======== Listed entries
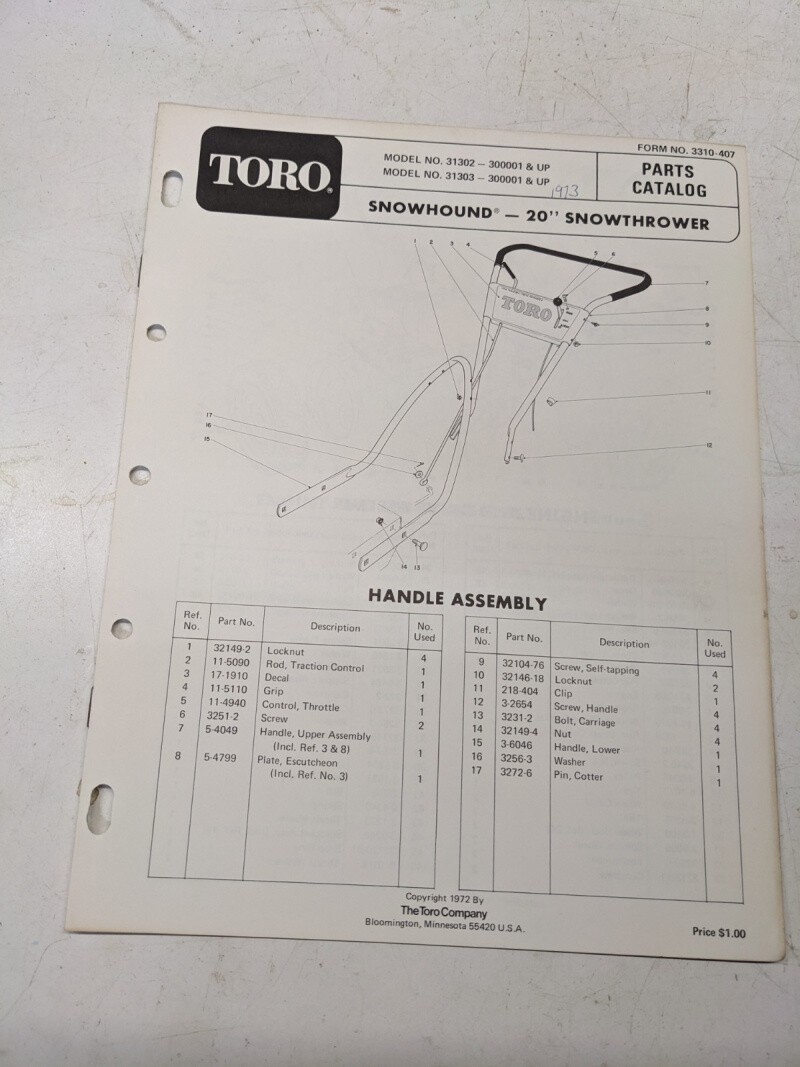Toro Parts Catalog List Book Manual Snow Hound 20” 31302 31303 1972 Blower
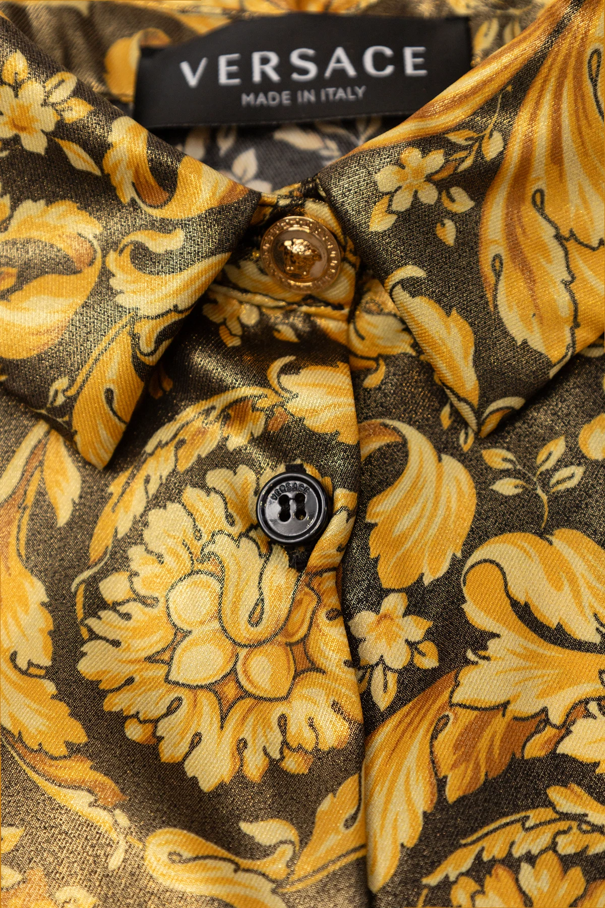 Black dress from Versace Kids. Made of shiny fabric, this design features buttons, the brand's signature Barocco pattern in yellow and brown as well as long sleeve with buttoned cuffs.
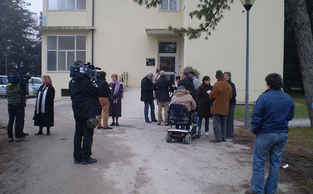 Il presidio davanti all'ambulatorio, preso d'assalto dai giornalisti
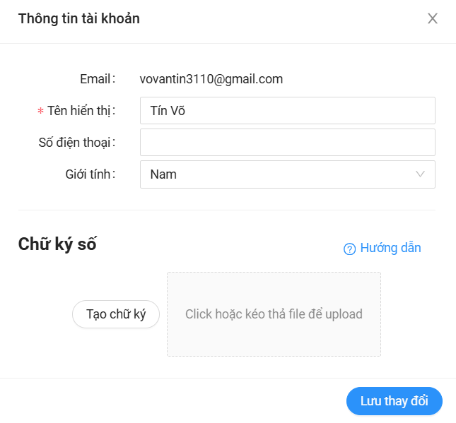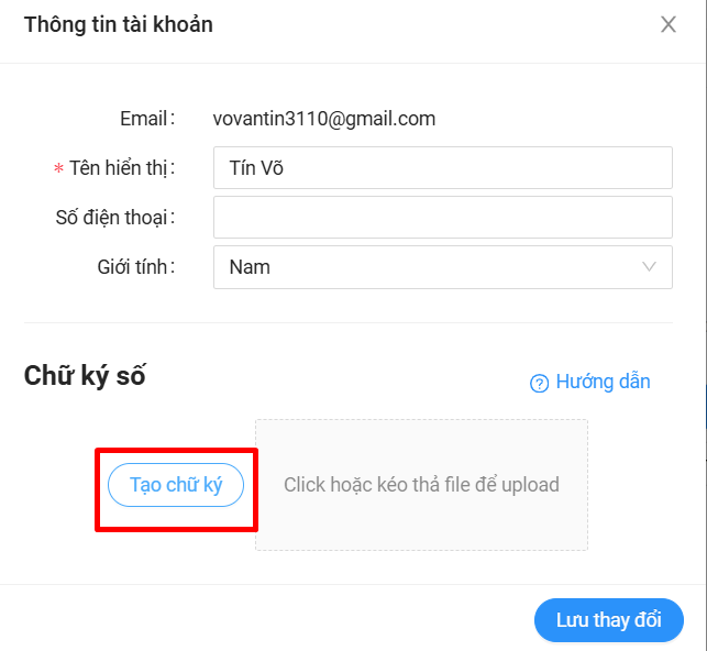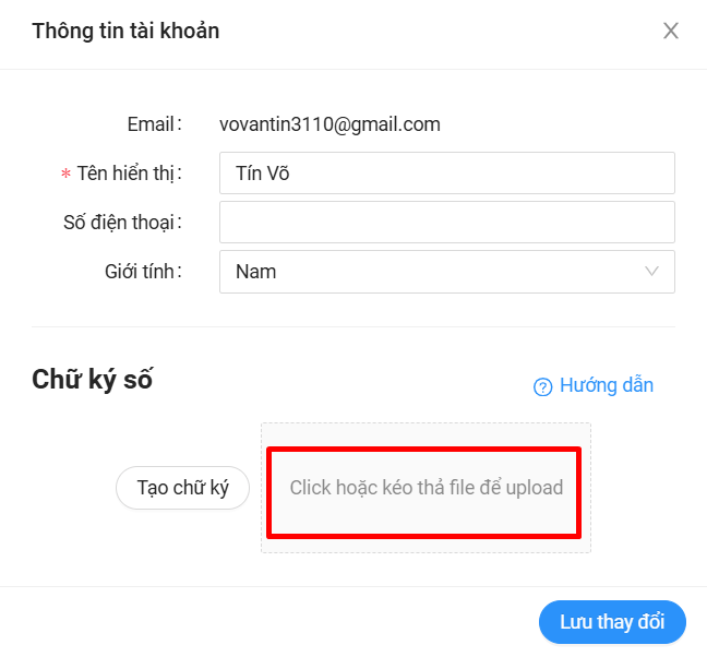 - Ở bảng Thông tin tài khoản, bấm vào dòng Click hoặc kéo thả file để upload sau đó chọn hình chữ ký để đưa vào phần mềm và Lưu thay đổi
================
======== Listed entries
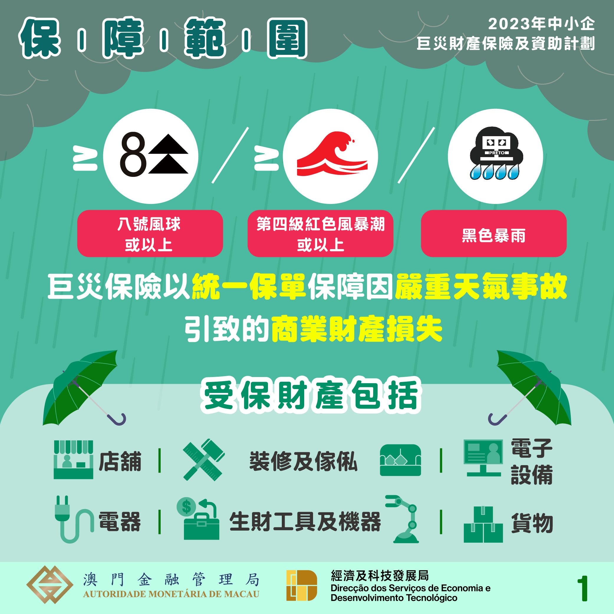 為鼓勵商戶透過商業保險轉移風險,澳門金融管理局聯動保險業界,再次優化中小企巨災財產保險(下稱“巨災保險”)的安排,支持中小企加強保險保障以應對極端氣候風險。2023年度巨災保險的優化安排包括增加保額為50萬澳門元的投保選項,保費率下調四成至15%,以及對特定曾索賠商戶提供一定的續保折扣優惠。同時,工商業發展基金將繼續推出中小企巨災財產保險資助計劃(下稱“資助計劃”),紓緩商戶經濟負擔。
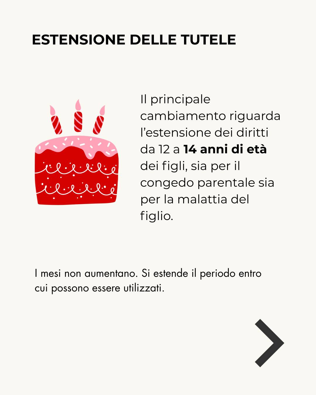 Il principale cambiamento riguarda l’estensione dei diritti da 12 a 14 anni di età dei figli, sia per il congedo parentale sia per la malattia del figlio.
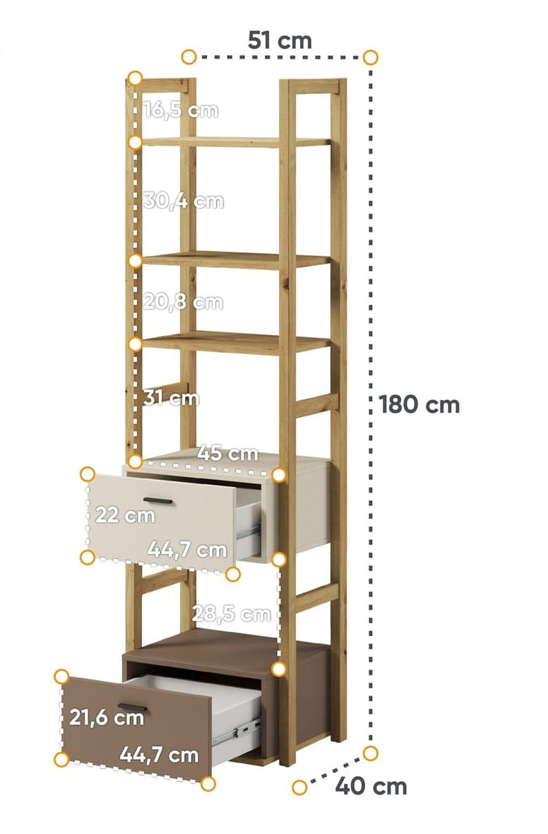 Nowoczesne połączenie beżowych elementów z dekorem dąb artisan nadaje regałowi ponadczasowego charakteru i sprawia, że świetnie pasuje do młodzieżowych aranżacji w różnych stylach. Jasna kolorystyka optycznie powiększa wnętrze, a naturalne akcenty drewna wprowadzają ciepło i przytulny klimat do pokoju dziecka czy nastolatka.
================
(Exercise description): Quote the data above exactly from the line with "Toro Parts Catalog" to the line with "- Ở bảng Thông", both ends counted, and nothing else. Pictures don't go in.

(Response to this exercise):
Toro Parts Catalog List Book Manual Snow Hound 20” 31302 31303 1972 Blower
 Black dress from Versace Kids. Made of shiny fabric, this design features buttons, the brand's signature Barocco pattern in yellow and brown as well as long sleeve with buttoned cuffs.
 Il presidio davanti all'ambulatorio, preso d'assalto dai giornalisti
 - Ở bảng Thông tin tài khoản, bấm vào dòng Click hoặc kéo thả file để upload sau đó chọn hình chữ ký để đưa vào phần mềm và Lưu thay đổi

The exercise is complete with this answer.